Alizon Lissance is best known to area music fans as the keyboard wizard for The Love Dogs, Boston’s premier band for swing and R&B. Before she started her 12-year stint with the canines, Lissance was also a founding member of the late, lamented Girls Night Out, Beantown’s 1970s all-female rock ’n’ soul band. This is her first solo effort, and it encompasses songs recorded with a variety of combos, dating from 1991 to the present.
The basic lyrical theme running through all 12 Lissance originals is love and the difficulty of finding one you can believe in, but the musical styles vary tremendously. Most of this album is far afield from the Love Dogs’ style of lighthearted, incessantly swinging R&B. The major revelation for longtime Love Dogs fans will be Alizon’s vocals, which show a range and power not normally needed with the Dogs.
The album opens with the title cut, a bluesy pop number where Alizon successfully navigates something close to rock, blues and New Orleans style boogie with aplomb - watch out Marcia Ball. The next tune is ‘‘Truth-Lie,’’ a torchy ballad about veracity in relationships, which rides a majestic piano melody and really highlights Lissance’s superb vocal chops.
You almost wish folks like Celine Dion could do songs with this much realism, not to mention this command of nuance.
Barrelhouse piano and a wailing harmonica solo from Little Annie Raines propel ‘‘Broken in Two,’’ a song of heartbreak, delivered with joyful gusto, at a breakneck pace. ‘‘Only Time Will Tell’’ is a smoldering jazz ballad, unearthing yet another shade of Lissance’s vocal prowess. Four songs into the CD she’s done R&B, power pop balladry, rollicking roadhouse piano, and now smoky jazz - clearly Lissance is mistress of many styles.
The tune on this album closest to the Love Dogs work is ‘‘Lost and Found,’’ a swinging bit of R&B with a dollop of humor, as the singer gleefully takes it over the top to good effect. ‘‘The World You Keep Inside’’ is one of the most compelling/mystifying tunes, lyrically dealing with the hazards of loving someone who remains remote, yet riding a peppy Latin melody that might be samba or bossa nova, enhanced by Barbara London’s flute skittering over it all.
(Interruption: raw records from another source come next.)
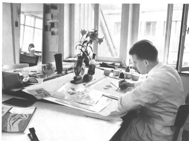
Dibujo del natural representando un delicado asunto floral para pañuelo.

¡ Cuán prosaico parece todo esto ! Sin embargo, estos creadores y estas creadoras de pañolitos Stoffels no son prosaicos ni mucho menos. Al penetrar en su taller, en el último piso del imponente edificio que ostenta el nombre de « Washington » en San Galo, nos acoge una música de buen gusto y los veremos sentados ante grandes mesas, vestidos de blusas blancas, rodeados de flores, de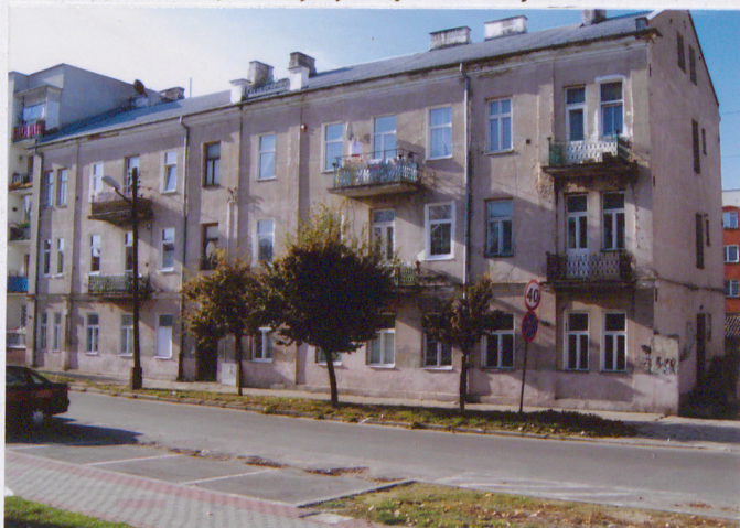
Fot. Widok ogólny od wschodu

11. Zdjęcia, rzut, przekrój, sytuacja, orientacja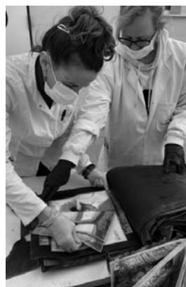
Figura 14. Álbum afectado.

Lissance returns to the smoky jazz mode for ‘‘Icy Blue Heart,’’ which liner notes tell us she wrote about the Pamela Smart murder case, and here London’s flute provides deft accents to the sultry, yet chilling tale. The pop ballad ‘‘Baby Don’t Be Blue’’ is a bit too generic, and a bit too long. But the 1991 tune ‘‘It’ll Be Alright,’’ with Girls Night Out pal Myanna on saxophone exchanging lines with Alizon on organ, is a delightful jazzy pop song of validation.
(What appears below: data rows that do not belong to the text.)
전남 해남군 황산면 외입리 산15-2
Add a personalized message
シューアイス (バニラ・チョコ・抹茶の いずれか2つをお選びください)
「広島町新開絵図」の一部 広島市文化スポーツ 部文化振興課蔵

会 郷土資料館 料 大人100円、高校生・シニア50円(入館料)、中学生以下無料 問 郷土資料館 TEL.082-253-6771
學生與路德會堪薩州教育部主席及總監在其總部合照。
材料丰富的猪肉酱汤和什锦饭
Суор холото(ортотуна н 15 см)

The CD ends with the solo piano ballad ‘‘Nobody Believes Me,’’ a minimalist jazz tune about a harrowing relationship, where the pain and world weariness in her vocal is stunning.
The very versatility of this album might make it hard to promote, and nearly impossible to categorize. But savvy music fans will enjoy this compilation of the many sides of a very familiar face.
Lissance and her quartet, Alizonia, play the Sitting Bull in Maynard July 27. She plays in a duo with bassist Greg Holt on July 31 at the Village Forge Tavern in Concord. But if you want to see her with the Love Dogs, swing by the Sea Note in Hull Saturday night, and you won’t be disappointed.